次反射镜结构由次反射镜21、光学系统次反射镜固定结构22组成,如图21所示。光学系统次反射镜21是有一定厚度的抛物曲面形薄壁结构件,根据次反射镜的设计参数可知曲面的曲率半径为143.9m。次反射镜21与光学系统次反射镜固定结构22固定连接。光学系统次反射镜固定结构22为12边环结构。同时光学系统次反射镜21的薄壁底面镀上一层铝膜以实现对光的反射。The sub-reflector structure consists of a sub-reflector 21 and a sub-reflector fixing structure 22 of the optical system, as shown in FIG. 21 . The sub-reflector 21 of the optical system is a parabolic thin-walled structure with a certain thickness. According to the design parameters of the sub-reflector, it can be known that the curvature radius of the curved surface is 143.9m. The secondary mirror 21 is fixedly connected to the secondary mirror fixing structure 22 of the optical system. The fixing structure 22 of the secondary mirror of the optical system is a 12-sided ring structure.
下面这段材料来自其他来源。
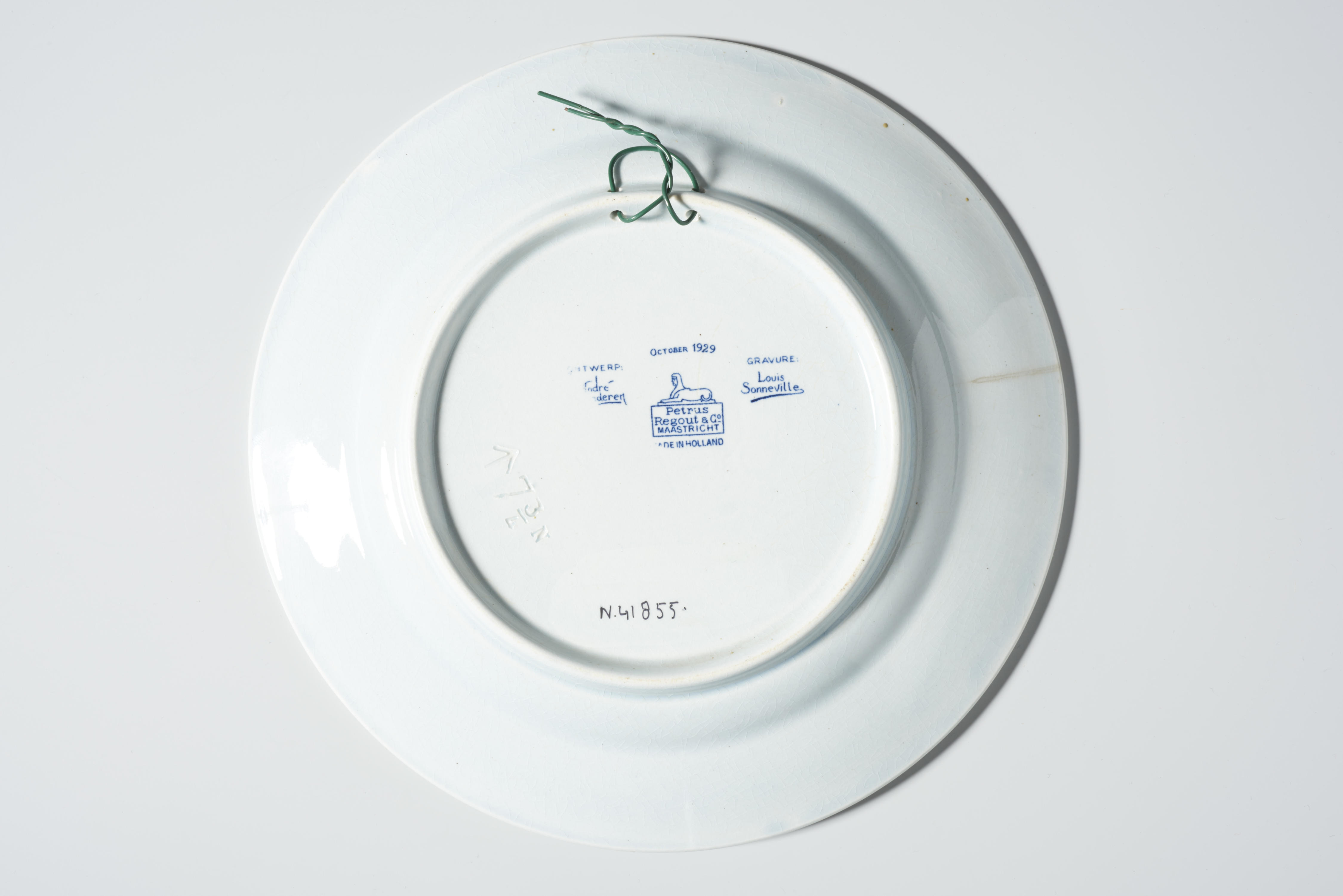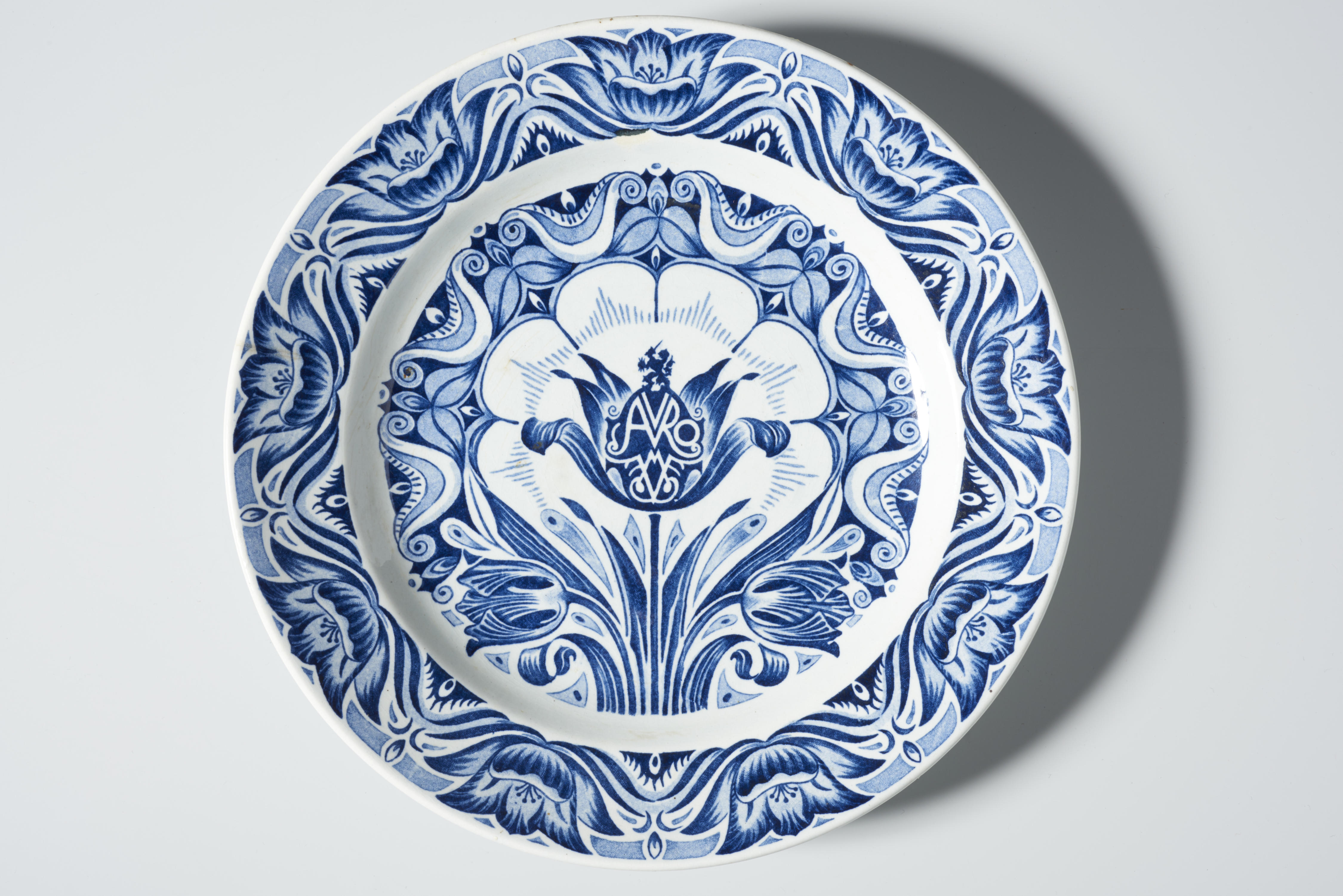Blauw bedrukt gedenkbord, gemaakt voor de omroep AVRO in 1929. In het midden van het bord zijn drie tulpen afgebeeld. Op de middelste tulp staan de letters ‘AVRO’. Boven deze tulp is een Nederlandse leeuw te zien. De rand van het bord is versierd met bloemmotieven.

At the same time, the thin-walled bottom surface of the sub-reflector 21 of the optical system is coated with an aluminum film to reflect light.
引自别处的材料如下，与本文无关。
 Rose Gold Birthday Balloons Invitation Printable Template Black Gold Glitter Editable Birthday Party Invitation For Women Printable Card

GEO高分辨率光学卫星发射入轨后,光学系统主反射镜1与光学系统次反射镜21间距需要达到数十米才能满足卫星的光学系统2m分辨率的成像要求。而此高度的卫星无法利用火箭运载一次发射入轨,因此需要在光学系统主反射镜1与光学系统次反射镜21间加入可折叠展开式的次镜伸展臂4,以满足卫星的在轨工作要求。次镜伸展臂发射前呈折叠状态安装于整流罩中,整流罩内的安装结构给次镜伸展臂以约束力(例如:将折叠状态的次镜伸展臂的两端设置一个可打开的锁紧连杆,该锁紧连杆可通过电机控制打开),使其不展开,卫星飞离整流罩后,约束力解锁后消失,扭簧的弹性势能使次镜伸展臂在无重力状态下一节节展开。After the GEO high-resolution optical satellite is launched into orbit, the distance between the primary mirror 1 of the optical system and the secondary mirror 21 of the optical system needs to reach several tens of meters to meet the imaging requirements of the satellite's optical system with a resolution of 2 m. However, a satellite at this height cannot be launched into orbit by a rocket. Therefore, a foldable and unfolded secondary mirror extension arm 4 needs to be added between the optical system primary mirror 1 and the optical system secondary mirror 21 to meet the satellite's on-orbit work. Require. The extension arm of the secondary mirror is installed in the fairing in a folded state before launching, and the mounting structure in the fairing constrains the extension arm of the secondary mirror (for example, set an openable lock at both ends of the extension arm of the secondary mirror in the folded state). Connecting rod, the locking connecting rod can be opened by motor control), so that it does not unfold. After the satellite flies away from the fairing, the binding force is unlocked and disappears. section expands.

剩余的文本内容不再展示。